Bankers attribute the lag in German M&A to the fact that German corporates are behind their French and UK counterparts in the deleveraging cycle. All across Europe companies have been repaying their debts and eschewing new borrowing over the past few years, but German companies are not as far advanced in this process and so not as well placed to pursue acquisitions.
Making money
The improved M&A outlook is good for highly liquid banks because it provides the opportunity to lend new money rather than just refinance existing debt. The problem, however, is that the market is so liquid and pricing so tight that M&A deals no longer carry much of an acquisition premium. As a result, banks are still left with the challenge of how to make some money.
This has prompted banks to look for alternate places to lend money and the Middle East and the emerging markets of eastern Europe have been many banks' focus.
In the Middle East, financial institutions have provided some better yielding deal flow, with National Commercial Bank and Saudi Fransi each tapping for US$500m. Appetite was strong, both deals raising oversubscriptions and Saudi Fransi increasing its loan to US$650m.

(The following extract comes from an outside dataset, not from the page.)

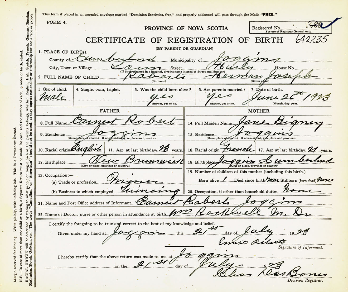 Male Birth Registration: Year: 1923 number: 64200235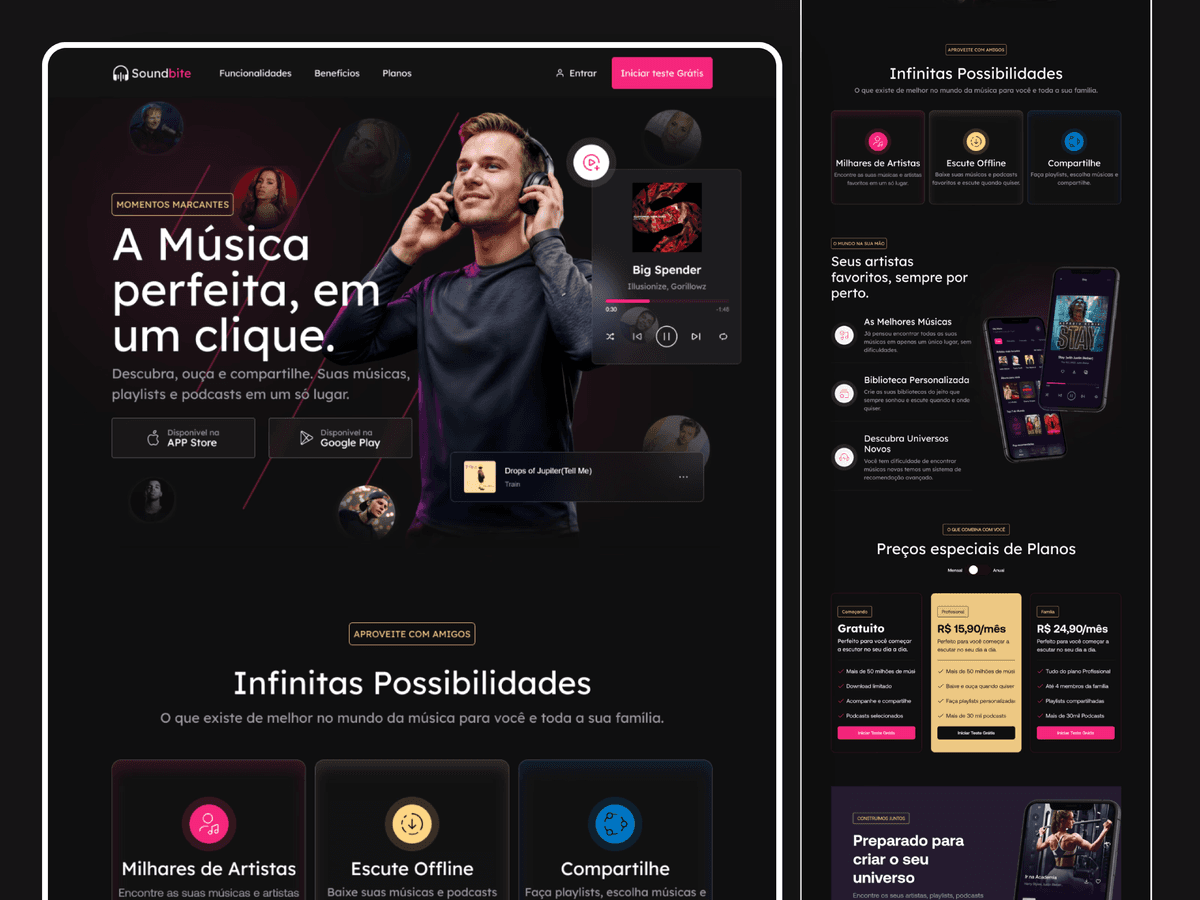 Landing page de lançamento para um aplicativo de músicas e podcasts, aplicando heurísticas de Nielsen e vieses cognitivos para criar uma experiência focada em conversão.

Investment banks were particularly attracted to these deals because of the large amount of ancillary business – especially derivative mandates – that they have to offer.
Eastern Europe still provides more attractive returns than western Europe, even though pricing in the region has been falling steadily as countries like Russia have risen to investment-grade status.
Russian gas giant Gazprom was the standout borrower, raising a US$250m oversubscription on its US$972m unsecured loan. That loan was the largest and longest clean syndicated loan from a Russian borrower. It was split between a US$700m three-year-and-three-month tranche paying 125bp over Libor, and an up to US$272m five-year trace at 150bp. These margins are a full 100bp above what most deals in western Europe are paying.